Gober v. Matthews, 574 F.2d 772, 776 (3d Cir. 1978). Although an ALJ, as the factfinder, must consider and evaluate the medical evidence presented, Fargnoli, 247 F.3d at 42, “[t]here is no requirement that the ALJ discuss in its opinion every tidbit of evidence included in the record,” Hur v. Barnhart, 94 Fed.Appx. 130, 133 (3d Cir. 2004). In terms of judicial review, a district court is not “empowered to weigh the evidence or substitute its conclusions for those of the fact-finder.” Williams, 970 F.2d at 1182. However, apart from the substantial evidence inquiry, a reviewing court is entitled to satisfy itself that the Commissioner arrived at his decision by application of the proper legal standards.
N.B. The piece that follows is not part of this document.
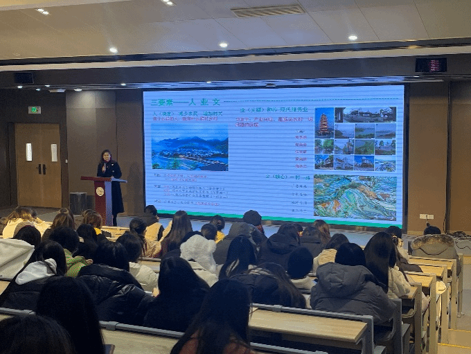 在讲座中,黄教授通过介绍英国、韩国的新乡村运动、日本的造町运动等案例,展示了乡村振兴的多元化路径。她分享了在旅游扶贫领域的实践,强调了乡村振兴的趋势和需求。黄教授通过“四个维度”:国际课题、时代命题、乡村振兴、核心建议,深刻阐述了关键因素,并提出了实践指导,如六风、十好、四态和五子。最后,她分享了乡村产品的六风和产业融合的十好,还介绍了包括乡村直播带货在内的十种创新模式。黄教授鼓励同学们积极参与乡村振兴,为实现中国梦贡献力量。

Sykes, 228 F.3d at 262; Friedberg v. Schweiker, 721 F.2d 445, 447 (3d Cir. 1983); Curtin v. Harris, 508 F.Supp. 791, 793 (D.N.J. 1981).

B. Standard for DIB

The Social Security Act defines “disability” for purposes of an entitlement to a period of disability and disability insurance benefits as the inability to engage in any substantial gainful activity by reason of any medically determinable physical or mental impairment which can be expected to result in death, or which has lasted or can be expected to last for a continuous period of not less than 12 months. See 42 U.S.C. § 1382c(a)(3)(A). Under this definition, a plaintiff qualifies as disabled only if her physical or mental impairments are of such severity that she is not only unable to perform her past relevant work, but cannot, given her age, education, and work experience, engage in any other type of substantial gainful work which exists in the national economy, regardless of whether such work exists in the immediate area in which she lives, or whether a specific job vacancy exists for her, or whether she would be hired if she applied for work. 42 U.S.C. § 1382c(a)(3)(B).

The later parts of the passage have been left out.